Wednesday, May 18, 2011

Homily 29: How to Be (as preached by an orthodox rebel)

"If ye know these things, happy are ye if ye do them." John 13:17

Happiness is invariably linked to obedience. We must rescue this concept from the legalists and moralists of the world. They have made obedience an arbitrary rule-keeping, reducing it to an inevitable drudgery. If there is any happiness, it is artificial, and there is many a legalistic church full of fake, artificial happiness. Outwardly is all smiles and shouts, but inwardly is a cancerous ennui. Life with God becomes a chore to be done, happiness and joy be damned. This is the view that most people have of obedience, and we must rescue it from such a horrid corruption.

God is Creator: He made everything. More to the point, He is our Creator: He made us. This is much more than a matter of matter. If God has names for all of the stars (Ps. 147:4), which physically are just balls of burning gas, He certainly has names for all of us, a name which He shall reveal to us one day (Rev. 2:17). That is a point that we must not miss: our identity is bound up in God, an identity whose full disclosure will come to us when we see Him face to face (I John 3:2).
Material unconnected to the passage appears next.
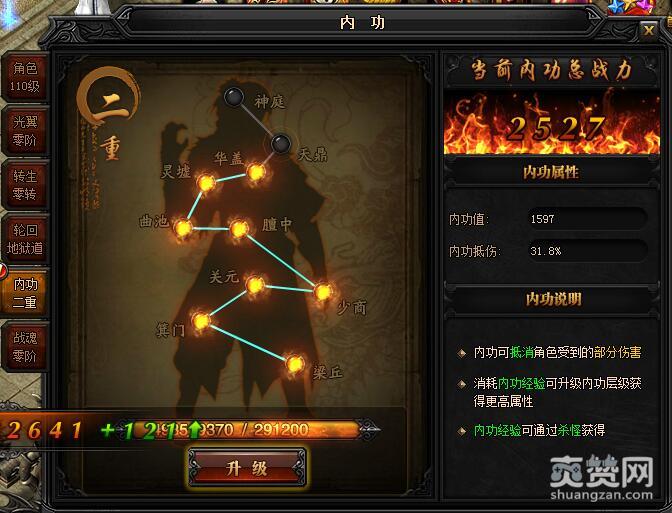 二重升级天鼎所需内功经验:291200,初始内功值:1597,内功抵伤:31.8%。
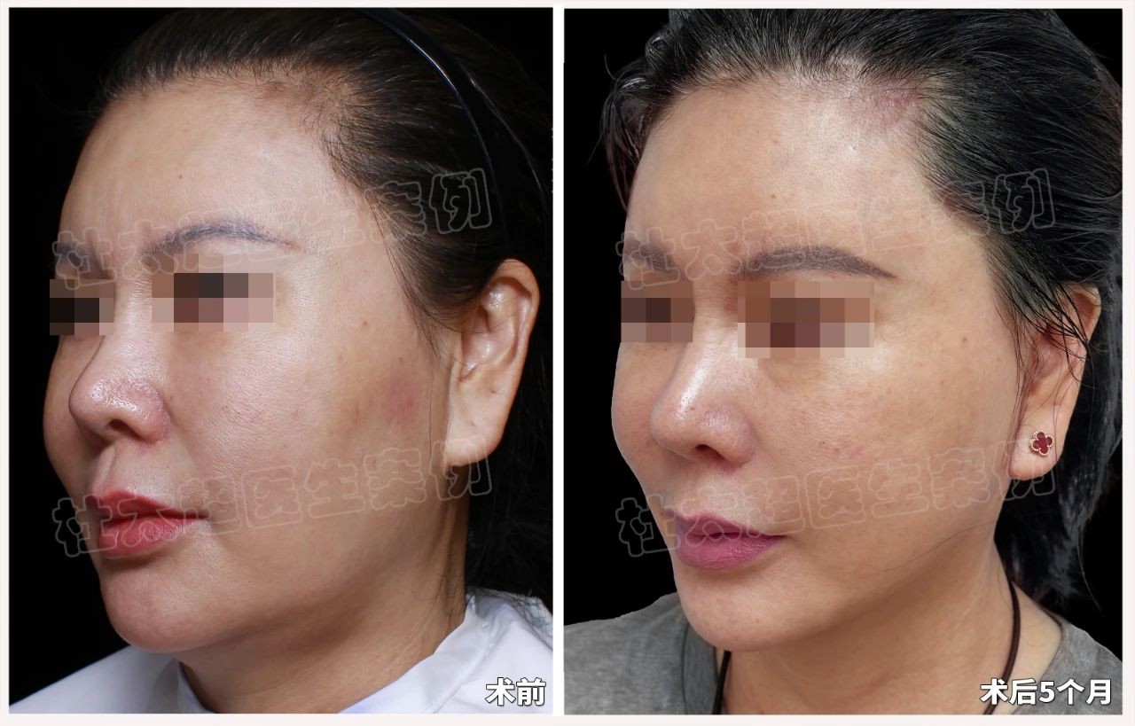 手术那天,我紧张又期待。杜教授以精湛的技艺,在隐蔽位置进行了微创切口。他利用先进的提升材料,对我的中下颈部进行了深层且全面的提拉。整个过程,我几乎没有感受到太多的疼痛,只有对术后效果的期待和憧憬。针对我的苹果肌问题,还结合了于波主任的吸脂之术和钻石精雕,他小心翼翼地吸取出多余的脂肪组织,同时保留了必要的脂肪,让我的苹果肌恢复到既紧致又自然的状态。那一刻,我仿佛看到了自己年轻时的模样,那份温婉与精致,再次回到了我的脸上。

At the very least, we can gather for now that we are a creature: not in a bestial sense, but in the sense of something that is made. We are from the hand of a Maker; that is (in part) who we are. That is where we belong. It is our "place," so to speak, and identity is about place, viz., the place where we "fit," like a puzzle piece, or a bone in its socket. The whole history of human Sin (even to this day) can be seen as humanity trying to find their place without God, which is a futile endeavor. If we want to know who we are, then we must go to the One who made us.

This sheds a new light on God's commands. He is not just giving us rules, the arbitrary assignments of a divine monarch. Rather, He is teaching us how to be. The commands of God are the precious communique from Creator to creature where the former tells the latter who they are, who they ought to be (for the very nature of the Fall is that we are not who we ought to be). This is why obedience is happiness: when we obey the Creator, we are being who we are, who we ought to be and were meant to be. We have found our place, our identity, our home. And there's no place like home.